Beiträge zur Geschichte und Ästhetik der Fotografie

hg. von Dr. Anton Holzer

Margarethe Szeless

Ein Blick hinter die Kulissen des Fotojournalimus

Jason E. Hill, Vanessa R. Schwartz (Hg.): Getting the Picture. The Visual Culture of the News, London, New York: Bloomsbury 2015, 300 S., 24,5 x 18,9 cm, zahlreiche Abb. in S/W und Farbe, kartoniert, 27 Dollar

Erschienen in: Fotogeschichte, Heft 138, 2015

Die Kunsthistorikerin Vanessa R. Schwartz, bekannt geworden mit ihrem Buch über frühe massenkulturelle Phänomene im Paris des Fin-de-Siècle[1], beschäftigt sich in diesem jüngst erschienenen Band mit massenmedial verbreiteten Nachrichtenbildern. Gemeinsam mit Jason E. Hill versammelt Schwartz Beiträge von 49 Autoren, die das Thema der Bildberichterstattung in der illustrierten Presse transnational – wenn auch mit starkem Fokus auf den angloamerikanischen Sprachraum – und in historischem Querschnitt beleuchten. Der Untersuchungszeitraum setzt bei der Historienmalerei in der ersten Hälfte des 19. Jahrhunderts ein und endet mit Überlegungen zur derzeit stattfindenden Musealisierung von historischer und aktueller Reportagefotografie. Dabei wird eine große Bandbreite an bildmedialen Ausdrucksformen und technischen Reproduktionsmöglichkeiten berücksichtigt: handskizzierte Zeichnungen eines Ereignisses, Kupfertiefdrucke von Nachrichten, die in immer höheren Auflagen zirkulierten, Karikaturen, Holzstiche als Illustrationen in Zeitungen, Fotografien und deren Wiedergabe in Form von Autotypien und später als Kupfertiefdruck in der illustrierten Presse sowie filmische Nachrichtenberichterstattung und das Teilen von Bildern im Internet. Die Vielfalt der behandelten Bildmedien sensiblisiert den Blick sowohl für die über längere Perioden stattfindende Gleichzeitigkeit ihres Auftretens als auch für Medienumbrüche der letzten 200 Jahre.
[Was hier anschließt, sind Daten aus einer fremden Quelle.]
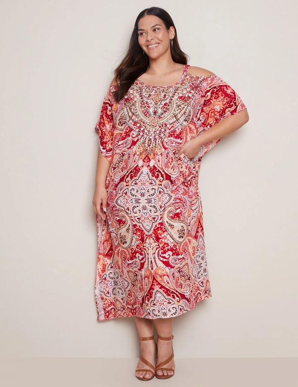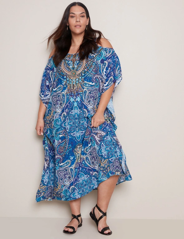 Autograph Cold Shoulder Printed Maxi Kaftan Dress
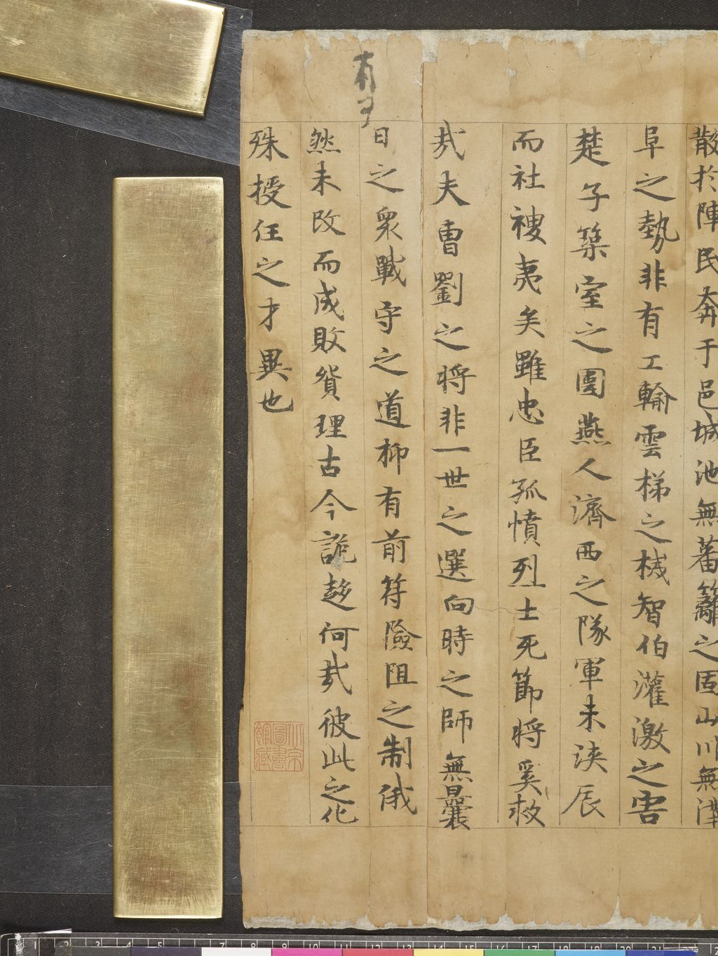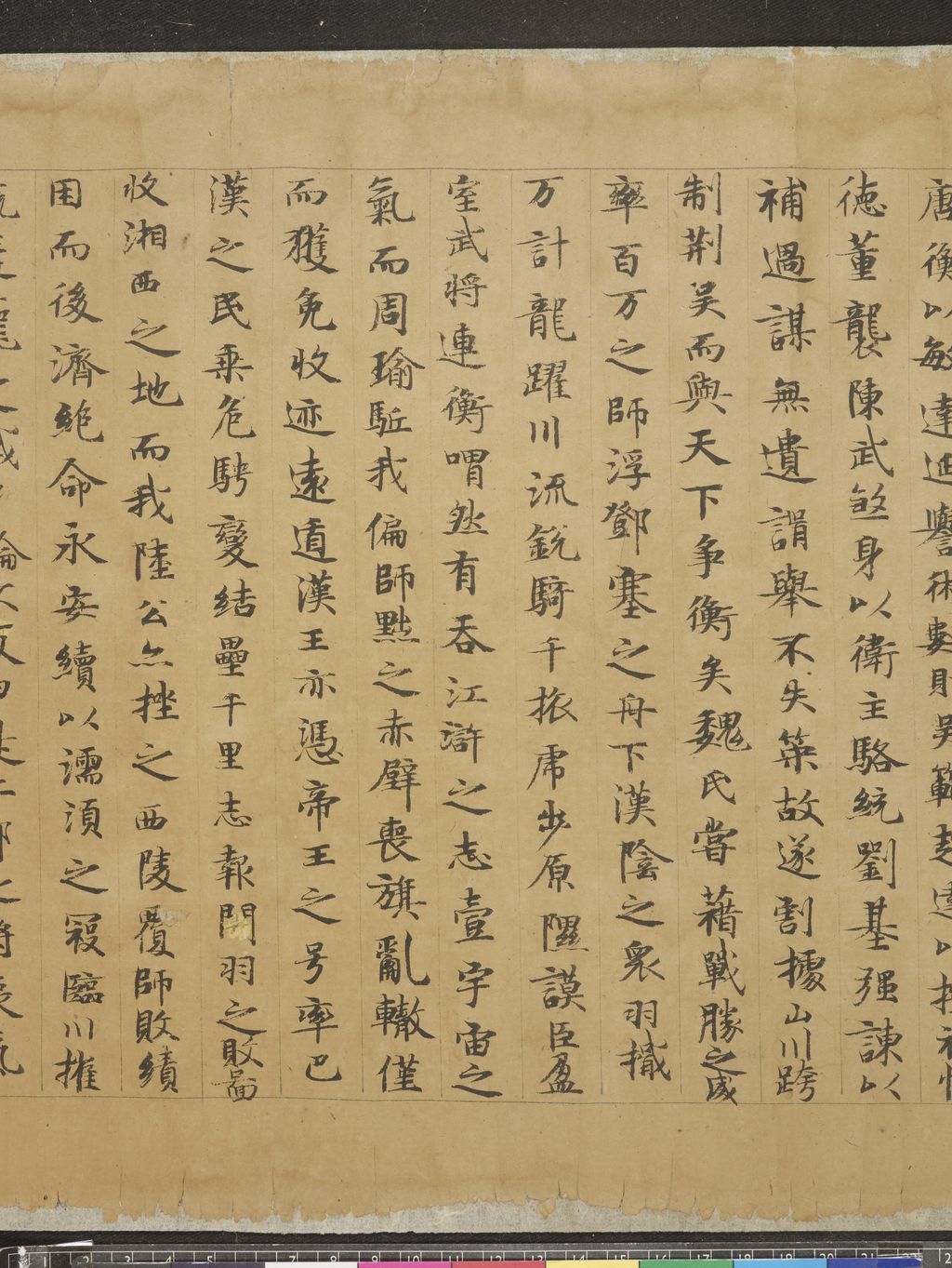 国家图书馆收藏的敦煌遗书中,有幸保存了一卷西晋文学家陆机的《辩亡论》(上篇),黄纸墨书,工楷写就,字体舒朗俊秀,是敦煌唐人写本中的翘楚。

Das Buch ist in zwei Abschnitte unterteilt. Im ersten Teil werden in Kurzbeiträgen 26 Ikonen der internationalen Pressefotografie (u.a. Robert Capas „Republikanischer Soldat aus dem Spanischen Bürgerkrieg“, 1936; Die Ermordung Kennedys, 1963; Pete Souza: „President Obama und andere Regierungsmitglieder erhalten die Nachricht vom Tod Osama Bin Ladens im 'Situation Room' des Weißen Hauses“, 2011 ) kontextualisiert. Dabei geht es nicht um die Geschichten hinter den Bildern, die in der Fachliteratur bereits hinlänglich abgehandelt wurden, sondern um die Rekonstruktion ihres Zustandekommens und Zirkulierens im Betriebssystem der Massenmedien. Die Fallstudien sind großteils spannend zu lesen, oft allerdings zu kurz gefasst, um einer vertiefenden Analyse Platz zu bieten. Dennoch bilden sie einen gelungenen Einstieg in die Thematik und einen passenden Auftakt für den zweiten Teil des Bandes, der den medienhistorischen und -theoretischen Überbau liefert.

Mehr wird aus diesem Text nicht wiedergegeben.